● ASSIGNMENT
Leave out the pictures and reproduce all of the data exactly.

● INFORMATION SUPPLIED
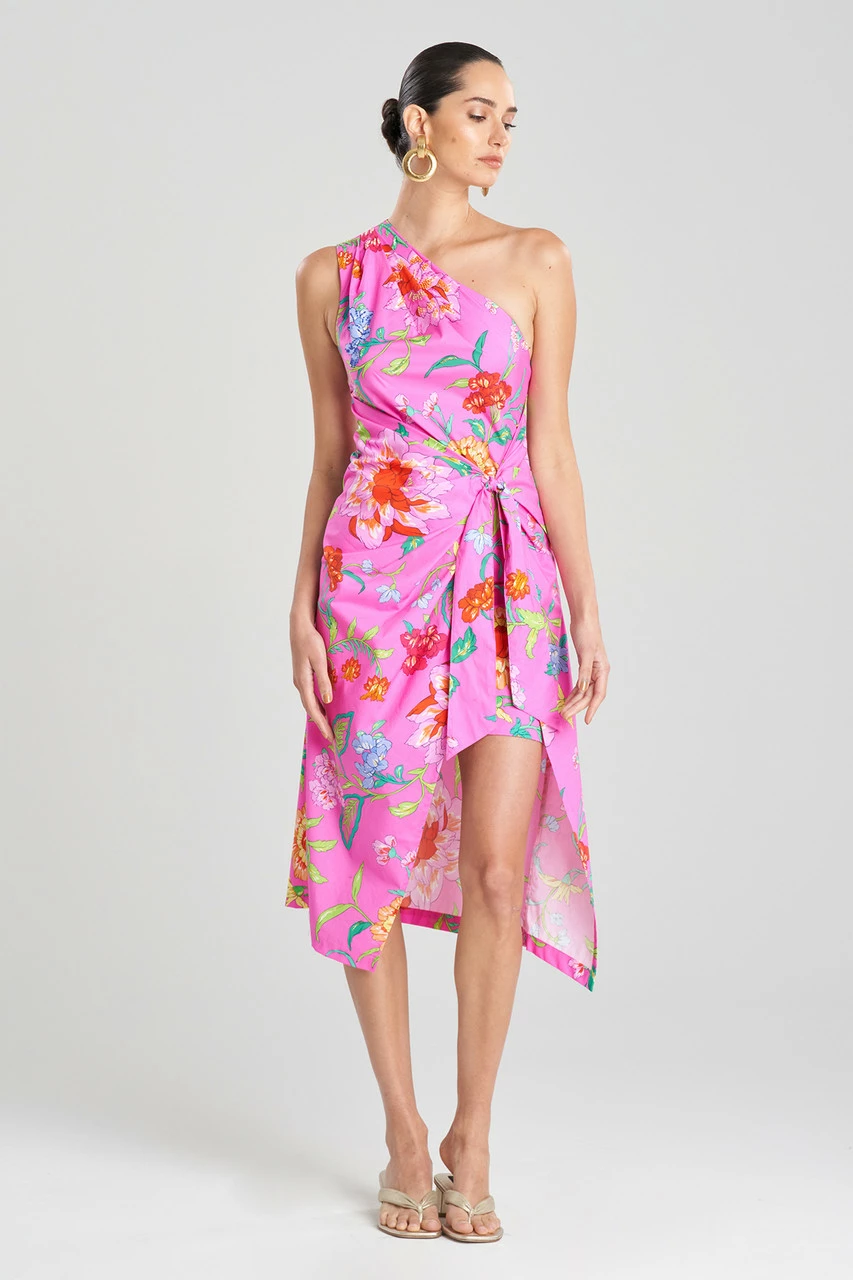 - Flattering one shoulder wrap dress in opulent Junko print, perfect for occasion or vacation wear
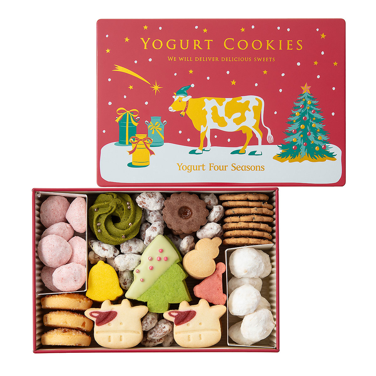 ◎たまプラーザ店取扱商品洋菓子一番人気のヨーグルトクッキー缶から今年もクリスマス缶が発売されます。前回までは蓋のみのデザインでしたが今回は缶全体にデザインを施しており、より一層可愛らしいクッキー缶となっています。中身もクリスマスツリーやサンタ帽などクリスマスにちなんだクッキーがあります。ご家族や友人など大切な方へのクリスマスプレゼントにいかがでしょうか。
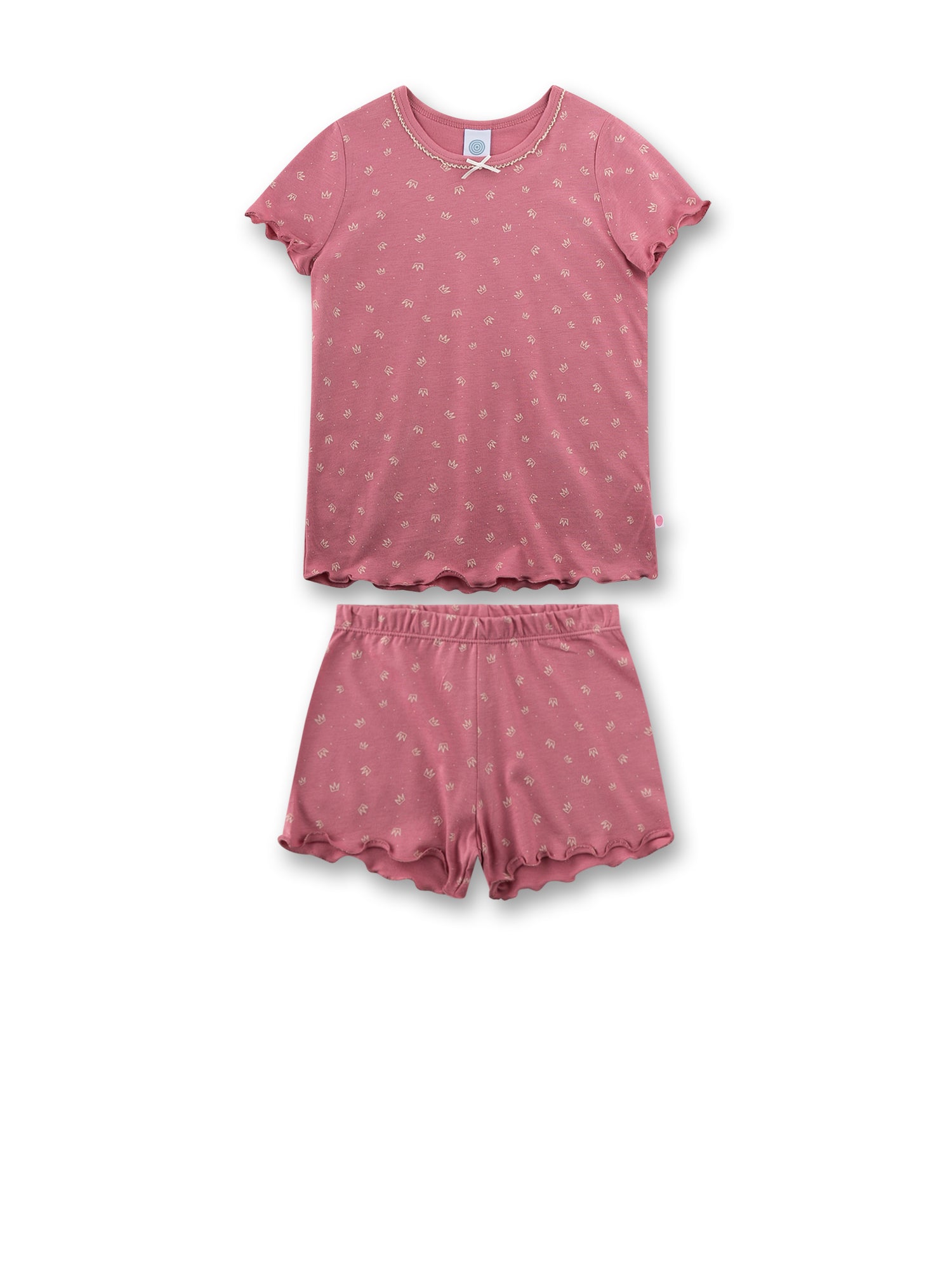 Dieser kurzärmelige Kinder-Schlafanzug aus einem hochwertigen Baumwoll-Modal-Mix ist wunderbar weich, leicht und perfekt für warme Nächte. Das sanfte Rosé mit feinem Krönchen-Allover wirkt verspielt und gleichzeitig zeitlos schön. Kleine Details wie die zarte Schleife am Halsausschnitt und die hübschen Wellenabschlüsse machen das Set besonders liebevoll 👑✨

● WRITTEN ANSWER
 - Flattering one shoulder wrap dress in opulent Junko print, perfect for occasion or vacation wear
 ◎たまプラーザ店取扱商品洋菓子一番人気のヨーグルトクッキー缶から今年もクリスマス缶が発売されます。前回までは蓋のみのデザインでしたが今回は缶全体にデザインを施しており、より一層可愛らしいクッキー缶となっています。中身もクリスマスツリーやサンタ帽などクリスマスにちなんだクッキーがあります。ご家族や友人など大切な方へのクリスマスプレゼントにいかがでしょうか。
 Dieser kurzärmelige Kinder-Schlafanzug aus einem hochwertigen Baumwoll-Modal-Mix ist wunderbar weich, leicht und perfekt für warme Nächte. Das sanfte Rosé mit feinem Krönchen-Allover wirkt verspielt und gleichzeitig zeitlos schön. Kleine Details wie die zarte Schleife am Halsausschnitt und die hübschen Wellenabschlüsse machen das Set besonders liebevoll 👑✨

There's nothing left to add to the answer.